**Your goal**
Below are records with pictures in them. Transcribe everything from the line containing "答案在于LULU过去亮眼的业" down to the line containing "Dopełnieniem występu było", exactly, and leave the pictures behind.

**Exercise materials**
-------

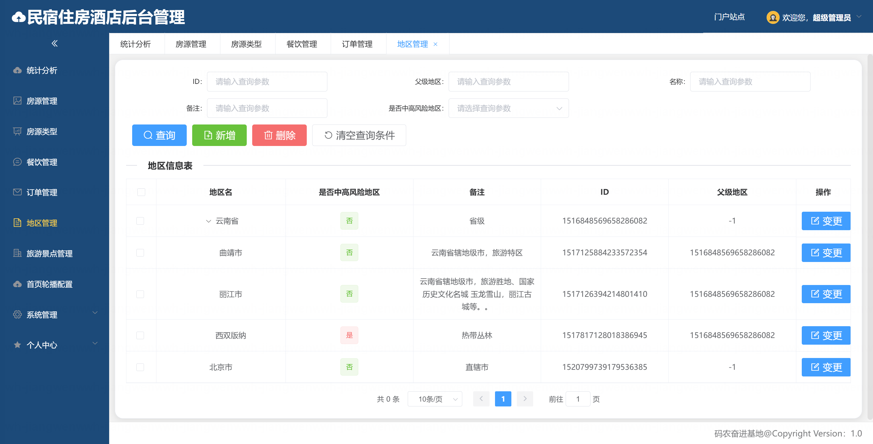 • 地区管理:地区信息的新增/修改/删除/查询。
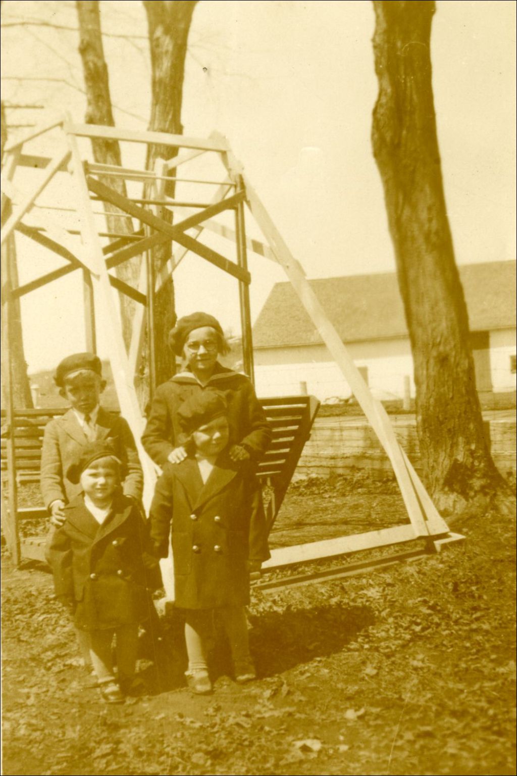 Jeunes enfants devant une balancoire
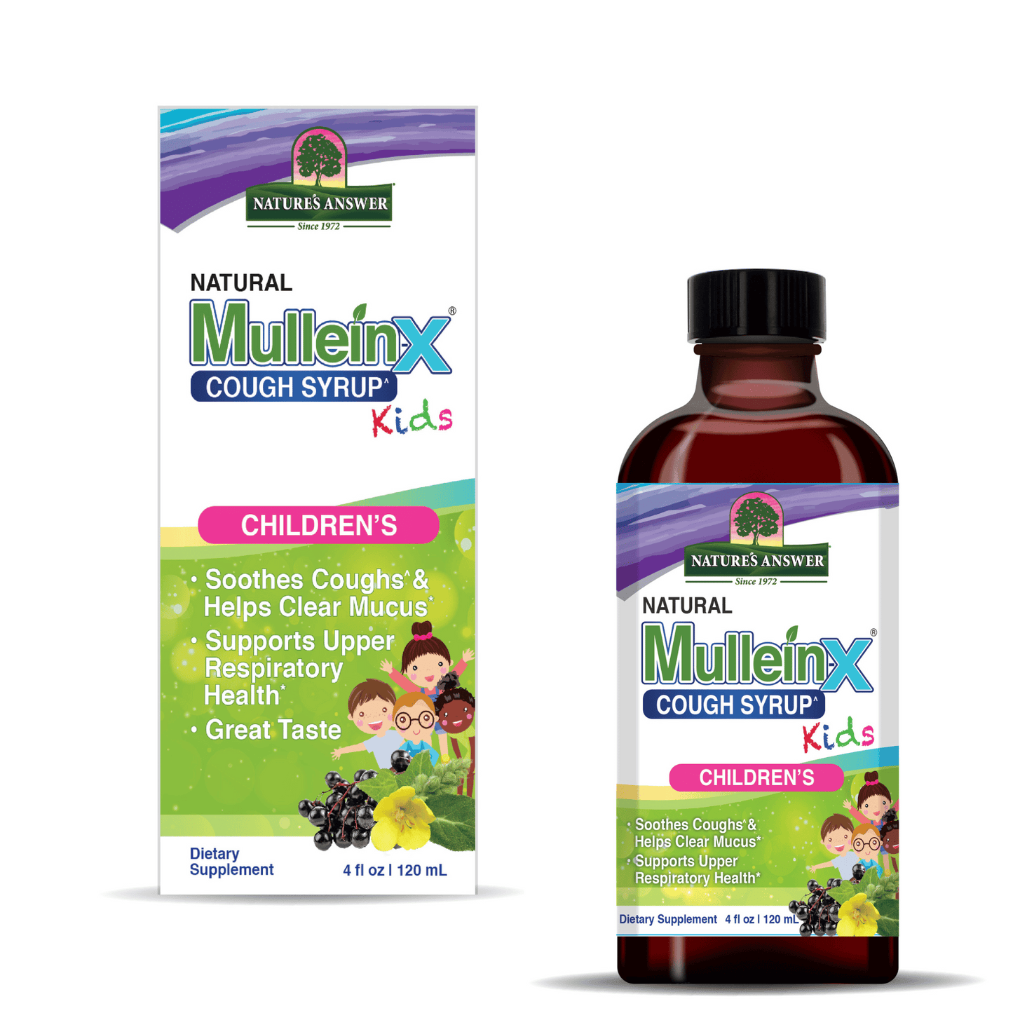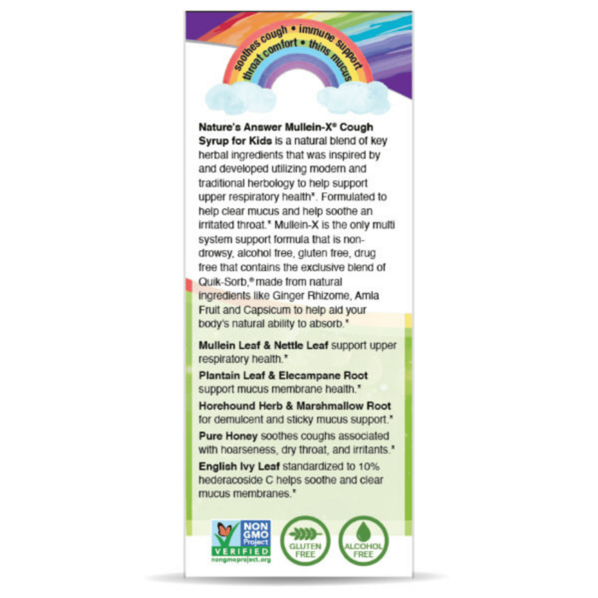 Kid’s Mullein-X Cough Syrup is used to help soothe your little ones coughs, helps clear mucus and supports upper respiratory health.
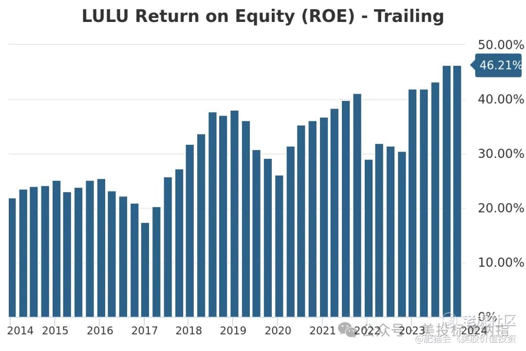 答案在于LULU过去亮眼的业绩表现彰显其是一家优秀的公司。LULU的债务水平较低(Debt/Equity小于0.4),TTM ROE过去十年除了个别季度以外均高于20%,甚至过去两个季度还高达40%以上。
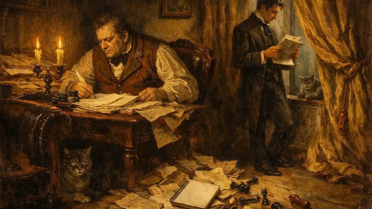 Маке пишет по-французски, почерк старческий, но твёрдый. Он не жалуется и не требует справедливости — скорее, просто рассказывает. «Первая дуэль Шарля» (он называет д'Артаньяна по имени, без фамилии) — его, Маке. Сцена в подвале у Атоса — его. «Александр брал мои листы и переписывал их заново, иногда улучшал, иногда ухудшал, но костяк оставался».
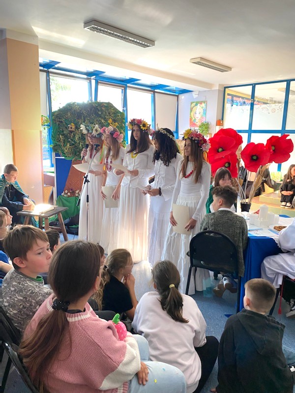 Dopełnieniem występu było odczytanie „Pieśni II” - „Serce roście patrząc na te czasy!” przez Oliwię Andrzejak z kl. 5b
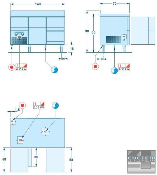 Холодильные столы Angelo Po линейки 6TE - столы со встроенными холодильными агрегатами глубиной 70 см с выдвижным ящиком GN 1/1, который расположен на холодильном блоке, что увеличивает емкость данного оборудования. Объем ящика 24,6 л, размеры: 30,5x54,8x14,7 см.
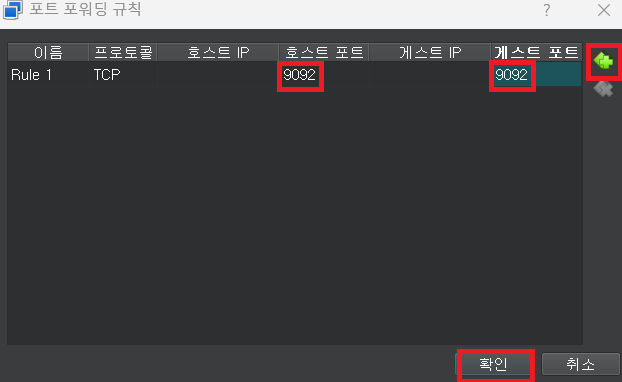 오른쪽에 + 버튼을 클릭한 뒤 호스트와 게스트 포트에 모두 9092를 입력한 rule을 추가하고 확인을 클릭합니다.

-------

**Answer below**
 答案在于LULU过去亮眼的业绩表现彰显其是一家优秀的公司。LULU的债务水平较低(Debt/Equity小于0.4),TTM ROE过去十年除了个别季度以外均高于20%,甚至过去两个季度还高达40%以上。
 Маке пишет по-французски, почерк старческий, но твёрдый. Он не жалуется и не требует справедливости — скорее, просто рассказывает. «Первая дуэль Шарля» (он называет д'Артаньяна по имени, без фамилии) — его, Маке. Сцена в подвале у Атоса — его. «Александр брал мои листы и переписывал их заново, иногда улучшал, иногда ухудшал, но костяк оставался».
 Dopełnieniem występu było odczytanie „Pieśni II” - „Serce roście patrząc na te czasy!” przez Oliwię Andrzejak z kl. 5b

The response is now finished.